Pour les Forces armées canadiennes du 21e siècle, ce ne sont pas seulement le matériel et l’équipement qui sont périmés, ce sont aussi la doctrine et l’art opérationnel qui sont obsolètes. L’habitude d’emprunter les grandes idées doctrinales aux Américains et à d’autres nations est en partie responsable de cette situation, bien qu’elle ait contribué à une plus grande interopérabilité. Ce choix n’est pas toujours efficace, puisque la culture militaire canadienne est fondée sur une expérience historique unique et sur l’emploi spécifique fait par le gouvernement canadien de son appareil militaire. Tous les arguments sont donc favorables à un art opérationnel à spécificité canadienne. Bien qu’elle puisse encore se fonder sur la doctrine militaire américaine afin d’assurer l’interopérabilité, la doctrine canadienne doit être assez souple pour être employée par les forces armées dans tous types de mission.

Le présent volume commence à pallier les lacunes évidentes dans l’art opérationnel au Canada, un sujet qui est encore loin d’être épuisé et qui continue d’être dominé par les écrits étrangers.
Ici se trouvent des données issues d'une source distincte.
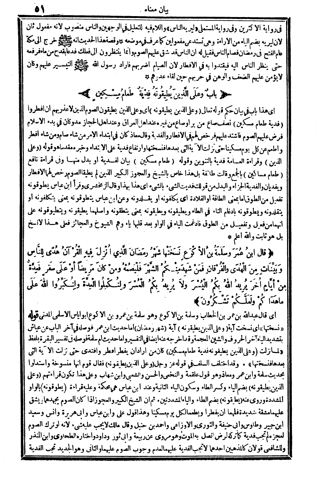 أَي: هَذَا بَاب فِي بَيَان حكم قَوْله تَعَالَى: {وعَلى الَّذين يطيقُونَهُ} (الْبَقَرَة: 481) . أَي: وعَلى الَّذين يُطِيقُونَ الصَّوْم الَّذين لَا عذر بهم إِن أفطروا: {فديَة طَعَام مِسْكين} (الْبَقَرَة: 481) . نصف صَاع من بر، أَو صَاع من غَيره عِنْد أهل الْعرَاق، وَعند أهل الْحجاز مد، وَكَانَ فِي بَدْء الْإِسْلَام فرض عَلَيْهِم الصَّوْم، فَاشْتَدَّ عَلَيْهِم فَرخص لَهُم فِي الْإِفْطَار والفدية. وَقَالَ معَاذ: كَانَ فِي ابْتِدَاء الْأَمر: من شَاءَ صَامَ وَمن شَاءَ أفطر وَأطْعم عَن كل يَوْم مِسْكينا حَتَّى نزلت الْآيَة الَّتِي بعْدهَا، فنسختها وارتفاع فديَة، على الِابْتِدَاء وَخَبره مقدما هُوَ قَوْله {وعَلى الَّذين} وَقِرَاءَة عَامَّة فديَة بِالتَّنْوِينِ وَقَوله: {طَعَام مِسْكين} (الْبَقَرَة: 581) . بَيَان: لفدية، أَو: بدل مِنْهَا، وَفِي قِرَاءَة نَافِع: {طَعَام مَسَاكِين} بِالْجمعِ، وَقَالَت طَائِفَة: بل هَذَا خَاص بالشيخ والعجوز الْكَبِير الَّذين لم يطيقا الصَّوْم رخص لَهما الْإِفْطَار ويفديان، والفدية الْجَزَاء، وَالْبدل من قَوْلك: فديت الشَّيْء بالشَّيْء أَي: هَذَا بِهَذَا. وَقَالَ الزَّمَخْشَرِيّ: وَقَرَأَ ابْن عَبَّاس: يطوقونه، تفعيل من الطوق، إِمَّا بِمَعْنى الطَّاقَة أَو القلادة، أَي: يكلفونه أَو يقلدونه، وَعَن ابْن عَبَّاس: يتطوقونه بِمَعْنى: يتكلفونه، أَو يتقلدونه ويطوقونه بإدغام التَّاء فِي الطَّاء، ويطيقونه ويطيقونه بِمَعْنى يتطقونه، وأصلهما: يطيقُونَهُ ويتطيوقونه، على أَنَّهُمَا من فعيل، وتفعيل من الطوق، فأدغمت الْيَاء فِي الْوَاو بعد قَلبهَا يَاء، وهم الشُّيُوخ والعجائز، فعلى هَذَا لَا نسخ بل هُوَ ثَابت، وَالله أعلم.
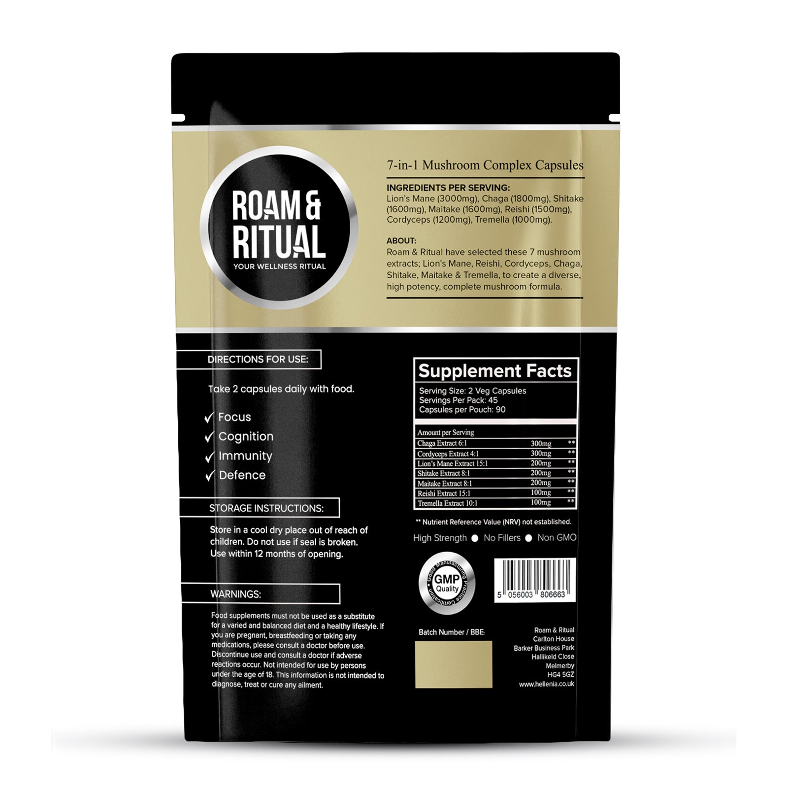 Unlock the power of seven of the world’s most respected functional mushrooms in one high-strength, expertly formulated supplement. Roam & Ritual’s 7-in-1 Mushroom Complex Capsules combine Lion’s Mane, Reishi, Cordyceps, Chaga, Shiitake, Maitake, and Tremella to support your mind, body, and overall wellbeing—naturally.
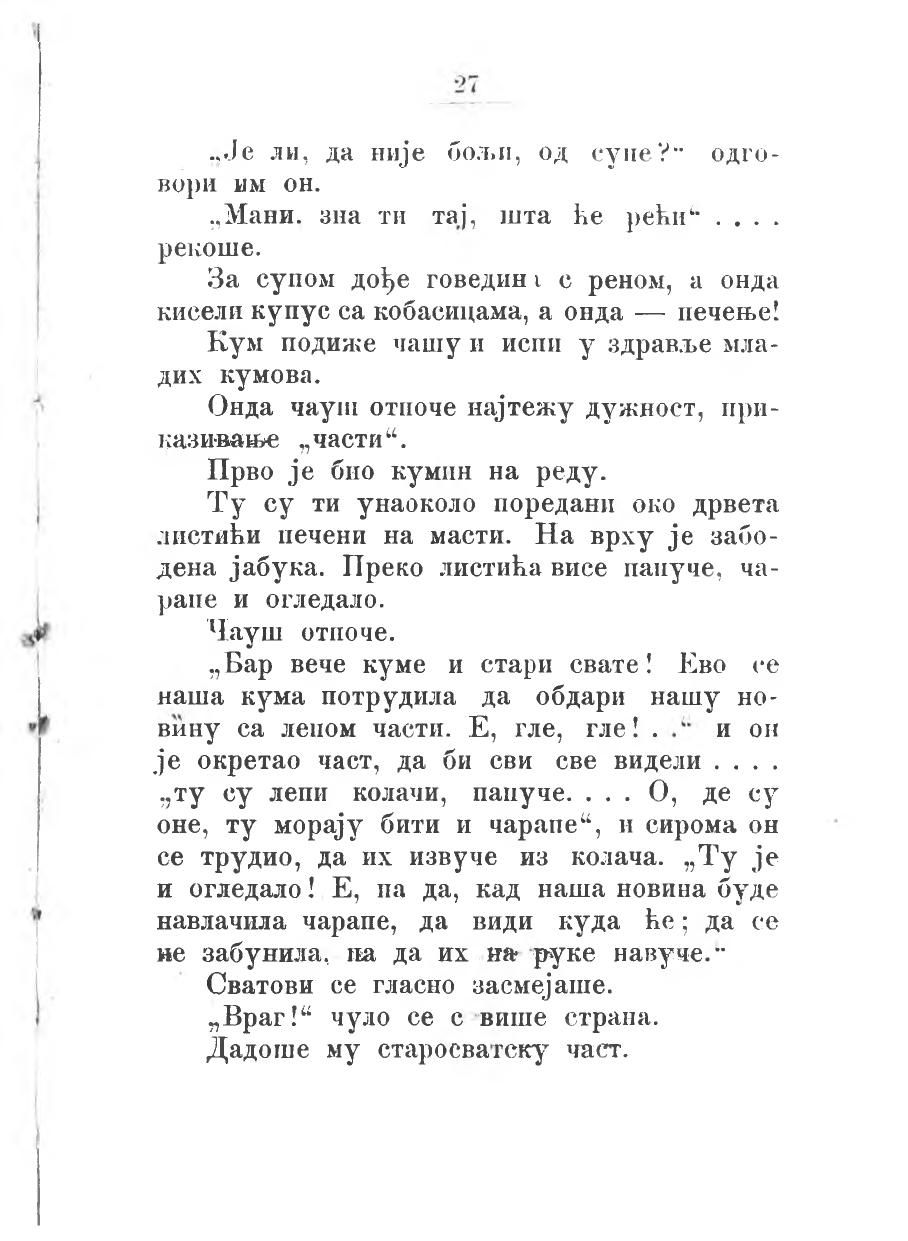 „Бар вече куме и стари свате! Ево се наша кума потрудила да обдари нашу новину са лепом части. Е, гле, гле!..” и он је окретао част, да би сви све видели.... „ту су лепи колачи, папуче.... О, де су оне, ту морају бити и чарапе“, и сирома он се трудио, да их извуче из колача. „Ту је и огледало! Е, па да, кад наша новина буде навлачила чарапе, да види куда ће; да се не забунила, па да их на руке навуче."
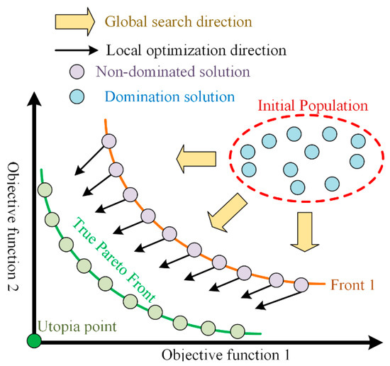 where is the crowding distance of the individual, is the number of fitness functions, and is the fitness function. The program goes on until the stoppage conditions are met to terminate the program.
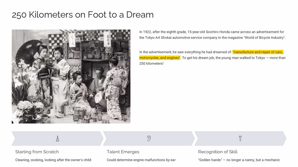 motorcycles, and engines". To get his dream job, the young man walked to Tokyo — more than
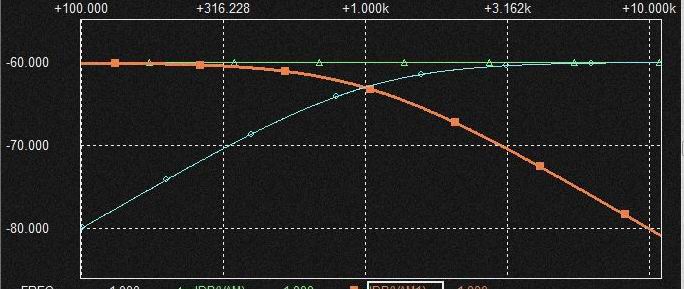 積分カーブは2KHzで-6dBなので印加信号の1/2。 出力ループ(LPF特性)と積分カーブとの差は約-1dBなので約0.9倍。 -0.9*0.5=0.45。 入力ループ(HPF特性)も入力信号との差は約-1dBなので0.9倍。 上記のグラフはそのようになっています。
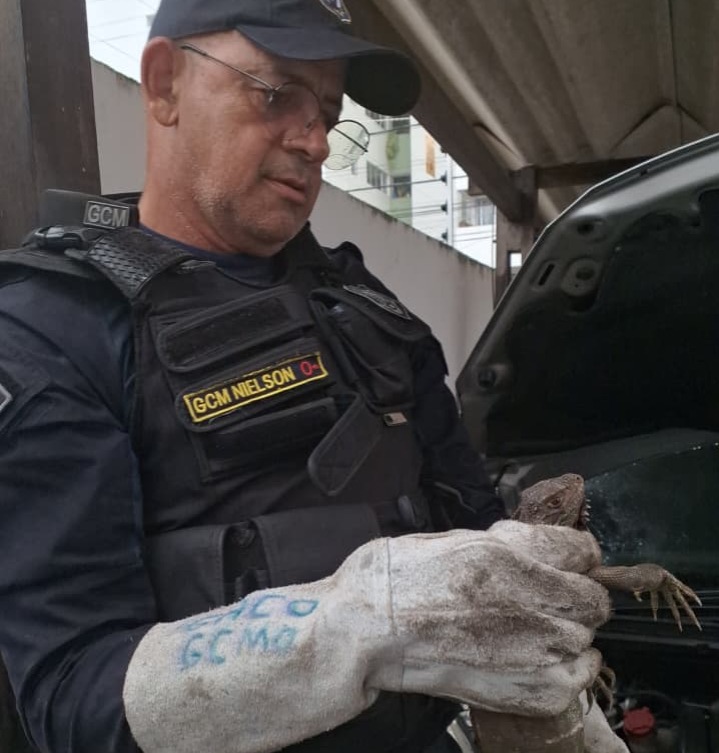 Ao chegar ao local, a equipe constatou que a iguana, que estava aparentemente saudável, havia se abrigado no compartimento do motor de um automóvel estacionado. Diante da situação de risco, os guardas utilizaram técnicas adequadas e procedimentos seguros para acessar o veículo e realizar o resgate sem causar ferimentos ao animal.
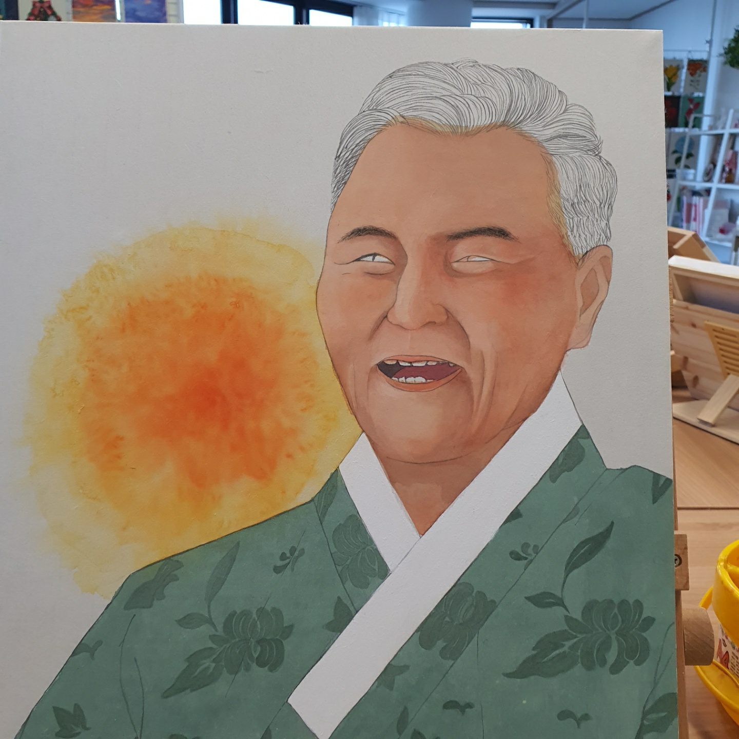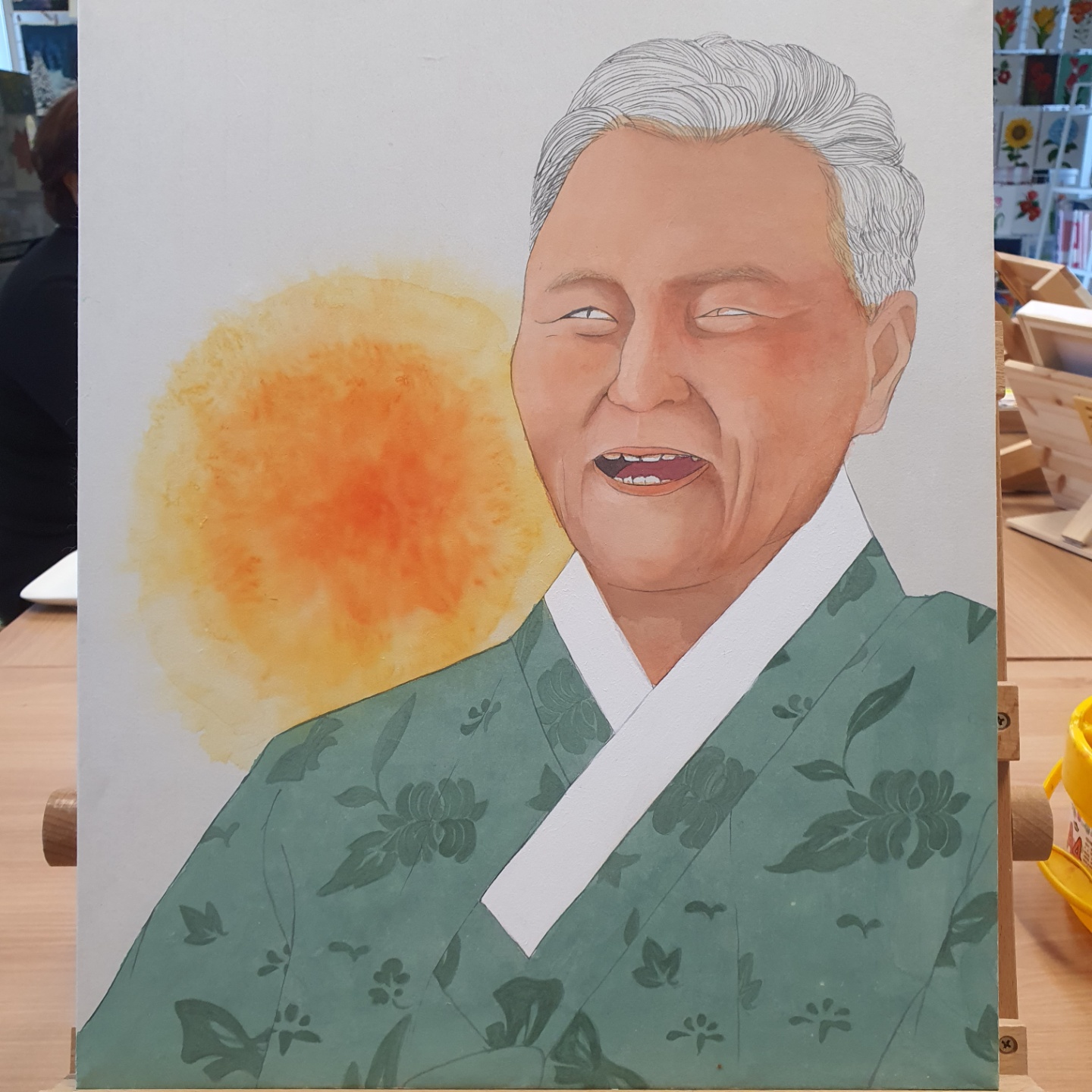 그래도 건강하고 화사한 아버님의 얼굴, 단아하고 새초롬한 한복 느낌까지 맘에 쏙 드는 작품 완성!

Il s’inscrit dans une volonté de renouvellement des Forces armées canadiennes, mais cherche aussi à promouvoir une discussion animée sur l’allure que prendrait un art aux caractéristiques spécifiquement canadiennes. Mais pour le milieu universitaire, et ce malgré le décès de nombreux soldats ces derniers mois, cela paraît ambitieux, sinon peu probable. Ici, tous les auteurs sauf un sont des militaires de carrière. Ce sont plutôt à leurs collègues que ce volume est destiné.